Provided entries -

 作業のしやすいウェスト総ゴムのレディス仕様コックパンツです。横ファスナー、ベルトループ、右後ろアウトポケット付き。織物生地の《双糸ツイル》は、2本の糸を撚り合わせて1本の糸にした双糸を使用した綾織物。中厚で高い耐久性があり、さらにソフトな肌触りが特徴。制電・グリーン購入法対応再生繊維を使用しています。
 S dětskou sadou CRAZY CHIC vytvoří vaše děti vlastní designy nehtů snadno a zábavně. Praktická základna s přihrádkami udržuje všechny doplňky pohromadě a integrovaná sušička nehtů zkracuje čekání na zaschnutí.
---
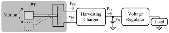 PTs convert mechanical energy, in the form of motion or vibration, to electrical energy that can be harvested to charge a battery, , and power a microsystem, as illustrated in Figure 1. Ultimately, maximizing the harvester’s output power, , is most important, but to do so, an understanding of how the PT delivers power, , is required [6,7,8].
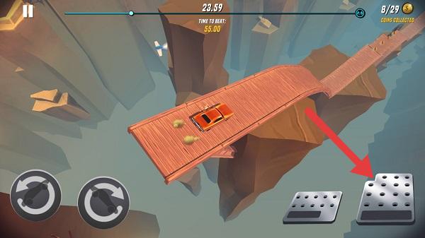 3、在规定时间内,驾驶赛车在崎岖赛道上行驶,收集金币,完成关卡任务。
* * *
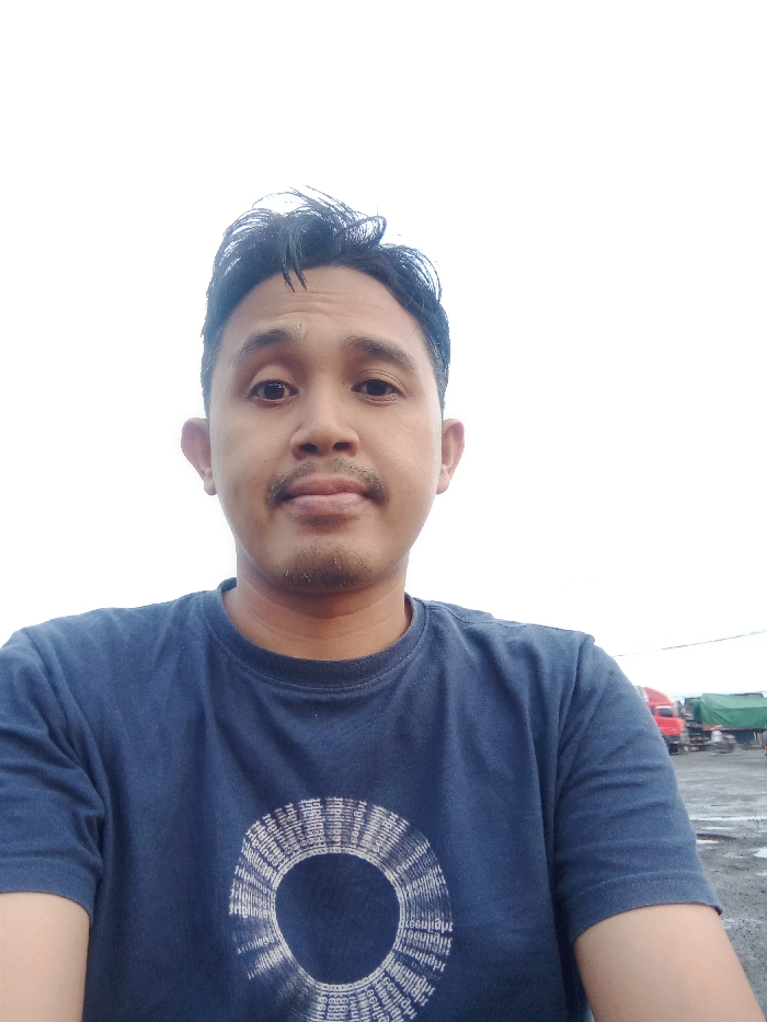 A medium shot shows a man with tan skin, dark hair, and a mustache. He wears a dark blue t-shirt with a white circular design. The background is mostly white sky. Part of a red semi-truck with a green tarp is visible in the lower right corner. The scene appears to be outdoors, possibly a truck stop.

What to do - Nothing but the lines from the one with "PTs convert mechanical" to the one with "3、在规定时间内,驾驶赛车在崎岖赛道上行驶,收集金币,完成关卡任务。" above, both included, should be transcribed, exactly and without pictures.

Task output -
 PTs convert mechanical energy, in the form of motion or vibration, to electrical energy that can be harvested to charge a battery, , and power a microsystem, as illustrated in Figure 1. Ultimately, maximizing the harvester’s output power, , is most important, but to do so, an understanding of how the PT delivers power, , is required [6,7,8].
 3、在规定时间内,驾驶赛车在崎岖赛道上行驶,收集金币,完成关卡任务。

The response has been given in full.